The shock and anger are still fresh. “Je suis Charlie” and “nous sommes tous Charlie” are the declarations du jour on Twitter feeds and Facebook statuses across the planet, including my own. Pens are raised high in clenched fists as a gesture of solidarity with the cartoonists and other magazine personnel who lost their lives in the attack. We renew our commitment to the rights of freedom of the press and freedom of speech, even deliberately offensive speech, as signs of our supposedly more enlightened culture.

Predictably, Islamophobes and war hawks have jumped on the opportunity to declare Muslims everywhere clear and present threats to public safety, celebrity atheists have denounced all religions as sources of violence, and certain conservatives have tried to pin the blame on President Obama’s conciliatory rhetoric and his attempts to build bridges to the Muslim world.

We are urged to face a “cold, hard reality”—that the differences between us and between our cultures are implacable, and reconciliation and coexistence all but impossible.

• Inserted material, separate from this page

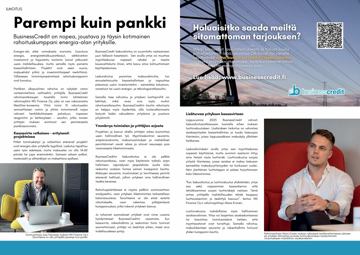 “ Kun laskurahoitus ja luottovakuutus yhdistetään, yritys saa sekä nopeamman kassankierron että tehokkaamman suojan luottoriskejä vastaan. Tämä antaa yrittäjälle mahdollisuuden tehdä kauppaa luottavaisemmin ja keskittyä kasvuun”, kertoo WS Finance Oy: n rahoitusjohtaja Alexis Eronen.

The only “cold, hard reality,” when it gets right down to it, is that everybody dies. Beyond that, we have more flexibility than one might think—and we have choices. We can settle for a dog-eat-dog world where the only question is who has the greater strength and demonstrates the greater will to use it, or we can work to make a world that is less cruel and violent, one that is more civilized, cooperative and humane. Our choice. Some people kinda like things just the way they are, apparently. Other people have a different vision—not an illusion, a vision. We know we haven’t gotten there yet; in fact, we know how incredibly distant we are from the realization of that vision. But we have to keep focused on the possibility.

We also have to keep in mind that rights carry responsibilities, and that words and images can be weapons in and of themselves. As a sometime satirist myself, I understand what the folks at Charlie Hebdo (and “South Park,” and the “Daily Show,” and The Onion) do, and the importance of skewering the powerful and self-important. But satire’s blade is sharp, and it’s better used as a scalpel than a broadsword or a bulldozer. Merely pushing someone’s buttons to prove that you can do it, or just to get a rise out of them, doesn’t get us very far when all is said and done.